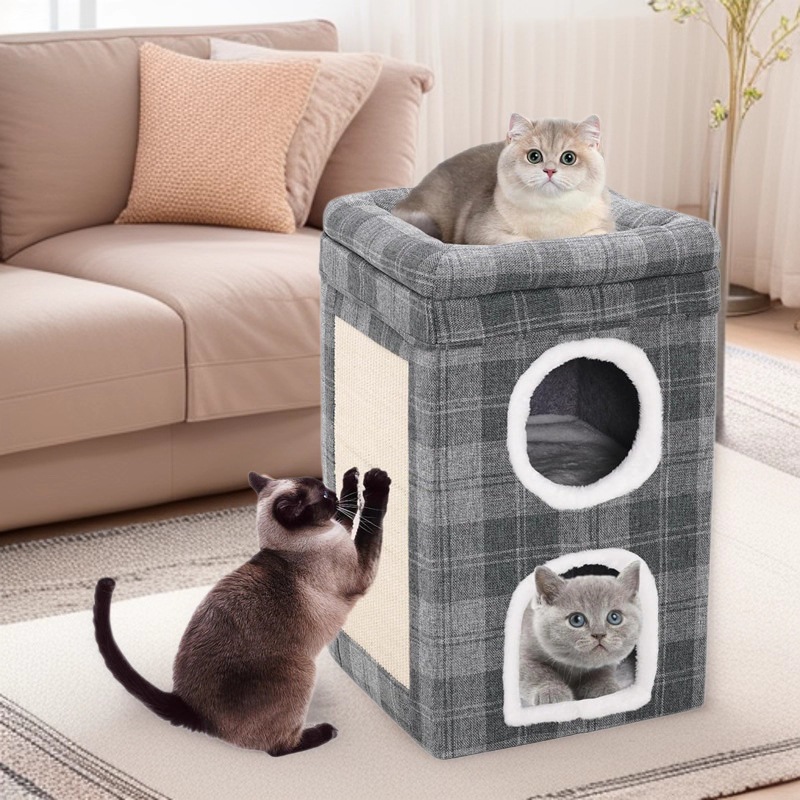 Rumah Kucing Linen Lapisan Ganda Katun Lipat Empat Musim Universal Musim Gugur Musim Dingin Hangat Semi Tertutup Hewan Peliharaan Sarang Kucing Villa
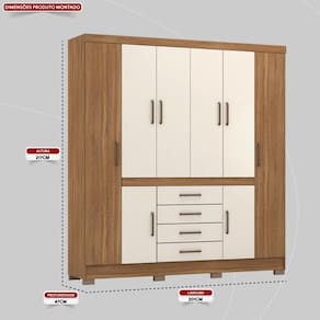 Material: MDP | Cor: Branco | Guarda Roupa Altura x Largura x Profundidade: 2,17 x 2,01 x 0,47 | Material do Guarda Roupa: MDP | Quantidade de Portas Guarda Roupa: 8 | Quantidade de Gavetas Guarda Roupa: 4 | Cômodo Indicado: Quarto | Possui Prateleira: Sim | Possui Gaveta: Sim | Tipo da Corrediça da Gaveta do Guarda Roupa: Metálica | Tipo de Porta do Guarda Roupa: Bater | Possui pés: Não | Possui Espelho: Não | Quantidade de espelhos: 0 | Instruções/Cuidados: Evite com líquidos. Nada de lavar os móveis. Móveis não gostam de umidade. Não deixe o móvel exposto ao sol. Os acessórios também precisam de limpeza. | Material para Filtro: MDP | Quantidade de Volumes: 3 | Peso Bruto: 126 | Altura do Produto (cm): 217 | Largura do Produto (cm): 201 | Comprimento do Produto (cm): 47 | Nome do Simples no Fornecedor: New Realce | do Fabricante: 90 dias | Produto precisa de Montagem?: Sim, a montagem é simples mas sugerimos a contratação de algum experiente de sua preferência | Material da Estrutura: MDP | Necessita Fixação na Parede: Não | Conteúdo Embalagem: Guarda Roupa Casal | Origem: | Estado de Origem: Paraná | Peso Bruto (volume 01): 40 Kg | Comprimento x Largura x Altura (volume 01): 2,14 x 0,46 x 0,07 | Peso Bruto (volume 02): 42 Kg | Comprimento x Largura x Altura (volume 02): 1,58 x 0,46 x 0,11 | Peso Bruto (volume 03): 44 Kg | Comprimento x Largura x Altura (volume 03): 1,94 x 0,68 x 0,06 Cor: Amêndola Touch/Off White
================================
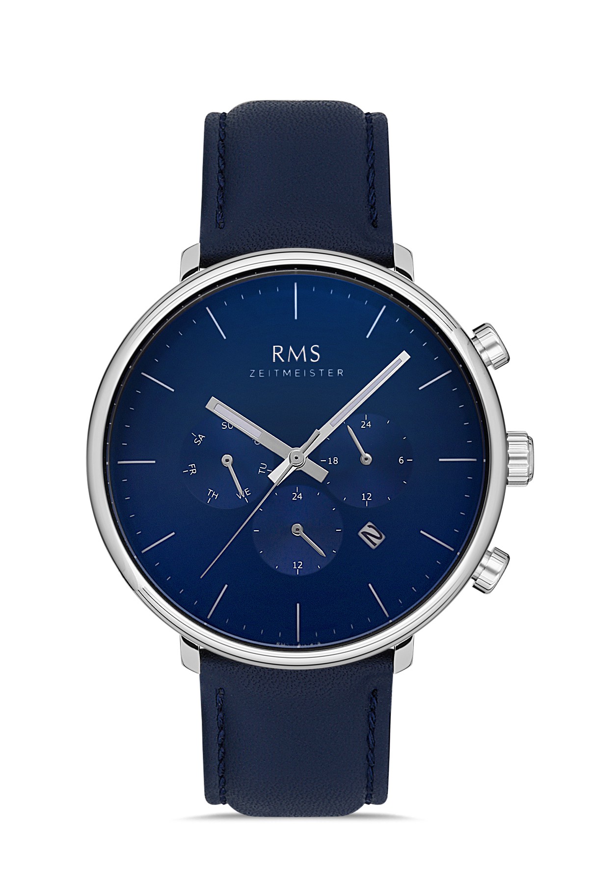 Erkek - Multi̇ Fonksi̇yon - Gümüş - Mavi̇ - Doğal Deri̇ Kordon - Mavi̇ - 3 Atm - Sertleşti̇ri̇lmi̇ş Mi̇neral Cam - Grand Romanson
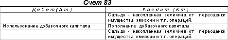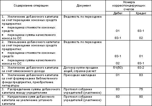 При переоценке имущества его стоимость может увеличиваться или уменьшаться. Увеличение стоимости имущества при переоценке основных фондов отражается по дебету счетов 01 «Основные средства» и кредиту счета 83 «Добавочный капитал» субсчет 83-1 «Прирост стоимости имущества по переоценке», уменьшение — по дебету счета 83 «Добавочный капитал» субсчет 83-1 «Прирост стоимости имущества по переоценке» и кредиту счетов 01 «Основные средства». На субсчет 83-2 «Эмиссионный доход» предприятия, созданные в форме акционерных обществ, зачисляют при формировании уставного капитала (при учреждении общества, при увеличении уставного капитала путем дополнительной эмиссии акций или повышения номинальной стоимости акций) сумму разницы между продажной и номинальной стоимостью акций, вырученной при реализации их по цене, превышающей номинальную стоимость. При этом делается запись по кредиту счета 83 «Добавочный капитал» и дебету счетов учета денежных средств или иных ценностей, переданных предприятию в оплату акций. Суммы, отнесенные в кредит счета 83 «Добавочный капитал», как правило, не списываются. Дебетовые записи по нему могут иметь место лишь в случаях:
================================
▶ _DIRECTIONS FOR THIS TASK_
Above are some records; quote exactly and only the lines that begin at the line containing "Erkek - Multi̇" and stop after the line containing "При переоценке имущества", leaving out the pictures.

▶ _EXERCISE ANSWER_
 Erkek - Multi̇ Fonksi̇yon - Gümüş - Mavi̇ - Doğal Deri̇ Kordon - Mavi̇ - 3 Atm - Sertleşti̇ri̇lmi̇ş Mi̇neral Cam - Grand Romanson
 При переоценке имущества его стоимость может увеличиваться или уменьшаться. Увеличение стоимости имущества при переоценке основных фондов отражается по дебету счетов 01 «Основные средства» и кредиту счета 83 «Добавочный капитал» субсчет 83-1 «Прирост стоимости имущества по переоценке», уменьшение — по дебету счета 83 «Добавочный капитал» субсчет 83-1 «Прирост стоимости имущества по переоценке» и кредиту счетов 01 «Основные средства». На субсчет 83-2 «Эмиссионный доход» предприятия, созданные в форме акционерных обществ, зачисляют при формировании уставного капитала (при учреждении общества, при увеличении уставного капитала путем дополнительной эмиссии акций или повышения номинальной стоимости акций) сумму разницы между продажной и номинальной стоимостью акций, вырученной при реализации их по цене, превышающей номинальную стоимость. При этом делается запись по кредиту счета 83 «Добавочный капитал» и дебету счетов учета денежных средств или иных ценностей, переданных предприятию в оплату акций. Суммы, отнесенные в кредит счета 83 «Добавочный капитал», как правило, не списываются. Дебетовые записи по нему могут иметь место лишь в случаях:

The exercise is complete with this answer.